I personally looked forward to writing this article, Elaine. I’m glad you enjoyed it. Using a telephoto lens with a relatively shallow depth of field will easily reveal these masters of camouflage. But the human eye, or rather the human brain, has a much greater depth of field and is therefore easily distracted by the chaotic structure of its surroundings. And that’s exactly what these birds rely on.
Amazing bird I knew nothing about and a lovely article with lots of interesting detail, appreciated the link to the call as well. I may be going to Peru so this has become something to try and see if I do. Thanks you
Thank you for your kind comment, Giles. I’m glad you appreciated the links to the calls as well. I often wish my photos would include a soundscape of the location. Although there are times when it’s better that the photos are silent (that’s when things aren’t going well). I wish you a pleasant trip to Peru. It’s another country with so many amazing things to see. I’m looking forward to you sharing some of your photos in our forum.

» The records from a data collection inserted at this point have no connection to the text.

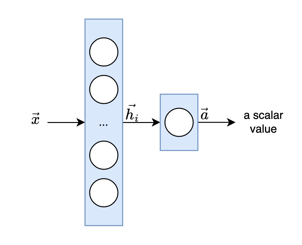 Fig. 1: A neural network with input \(x\), layer \(h_i\), and output layer \(a\)
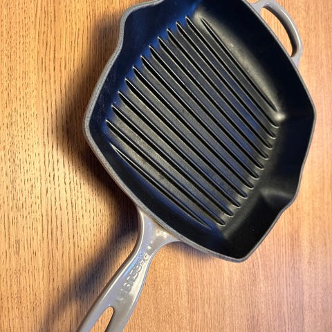 Ny grillpanne fra Le Creuset i støpejern. Disse har livstidsgaranti. Koster ny 2.100 og er på tilbud i butikkene nå til 1399,- åpen for bud.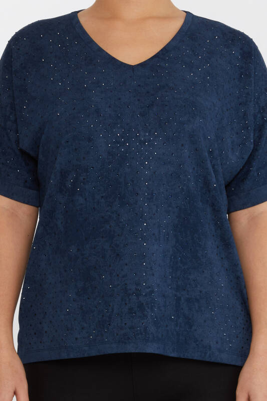 Blusa Stone Ricamata Scollo a V Blu Navy - 79985 | KAZEE (Set di 3 M-L-XL)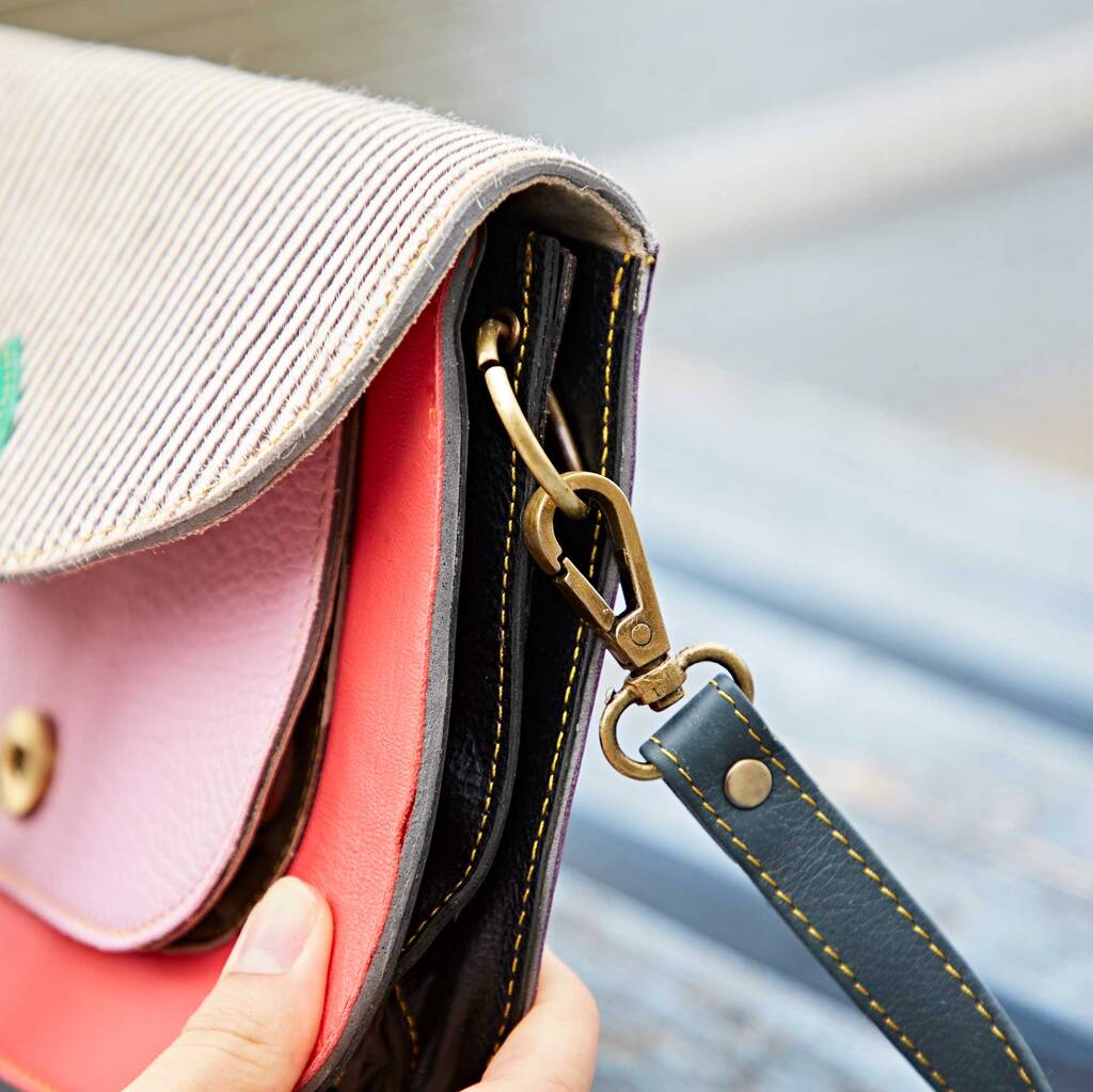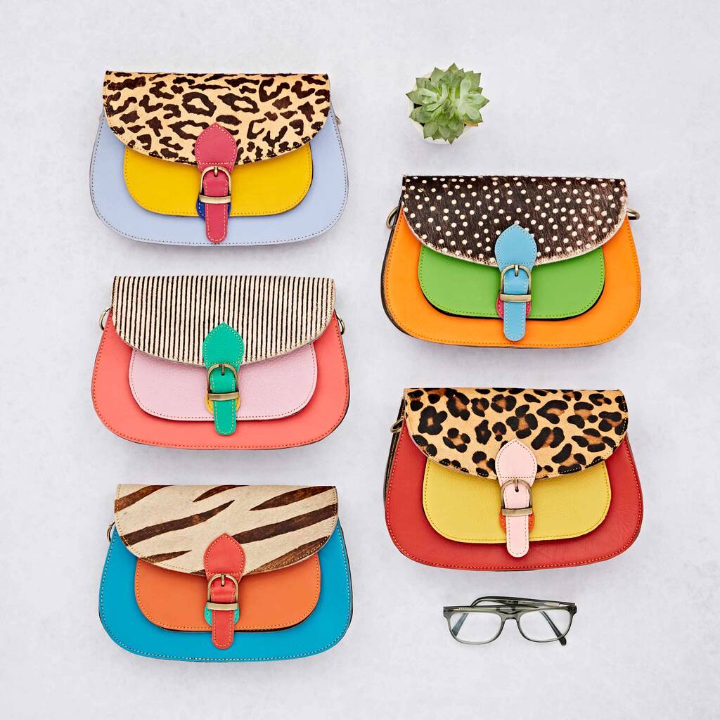 Our multicoloured rectangular saddle bag pairs bold design with everyday practicality. The structured body keeps your belongings protected, while the secure flap closure opens to three compartments and two zipped pockets – perfect for organising your phone, wallet, makeup and small essentials.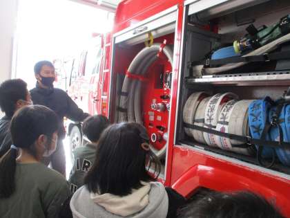3年生では、社会科の学習で消防署見学に行きました。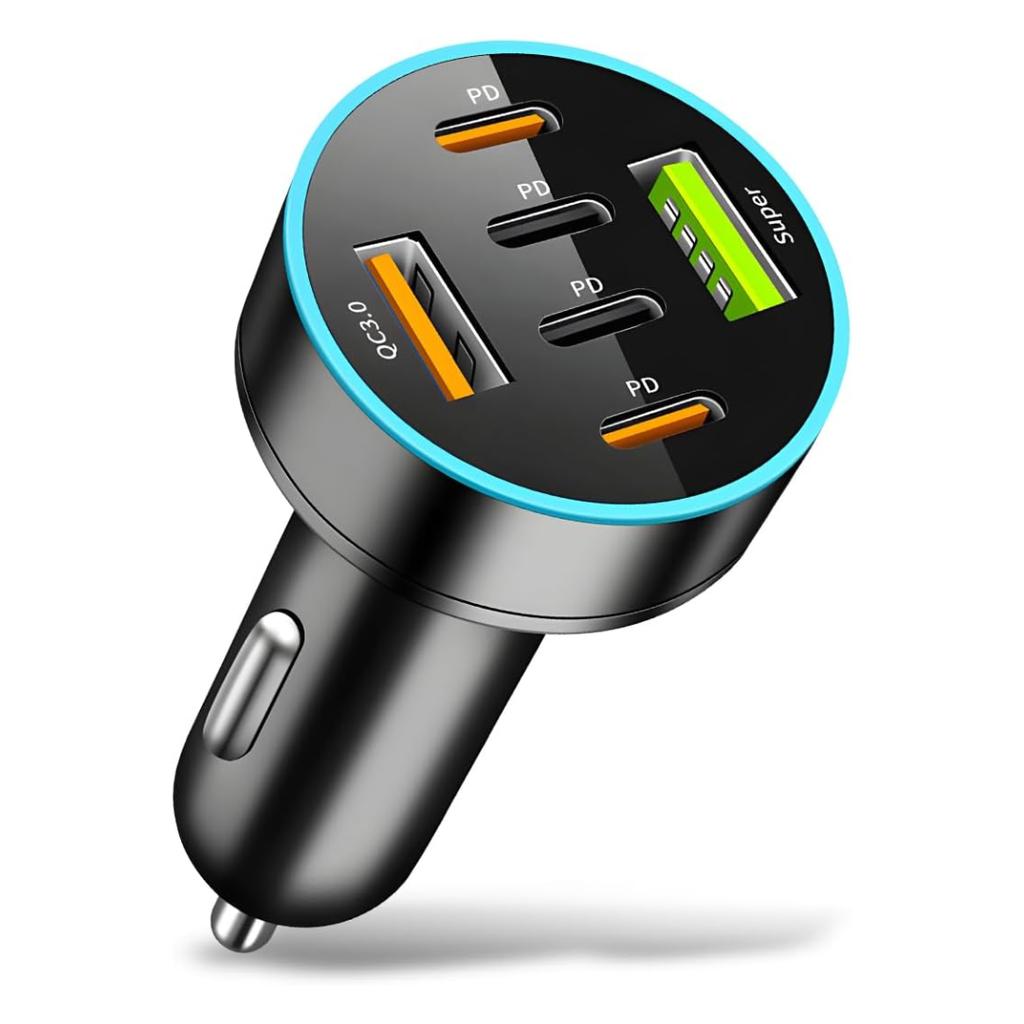 66W 6-Port Car Charger with PD & QC 3.0, 12-24V Fast Charging, Universal for Smartphones

Excellent article and beautiful photos. Potoos are an interesting bunch!
I spent some time in the Mata Atlântica of Bahia and the call of the Great Potoo still haunts me.
Thanks for reading and for your kind comment. The call is absolutely great! Spending a few nights in the middle of the rainforest is an unforgettable experience. Lying in a tent and letting all these sounds come through its thin walls is amazing.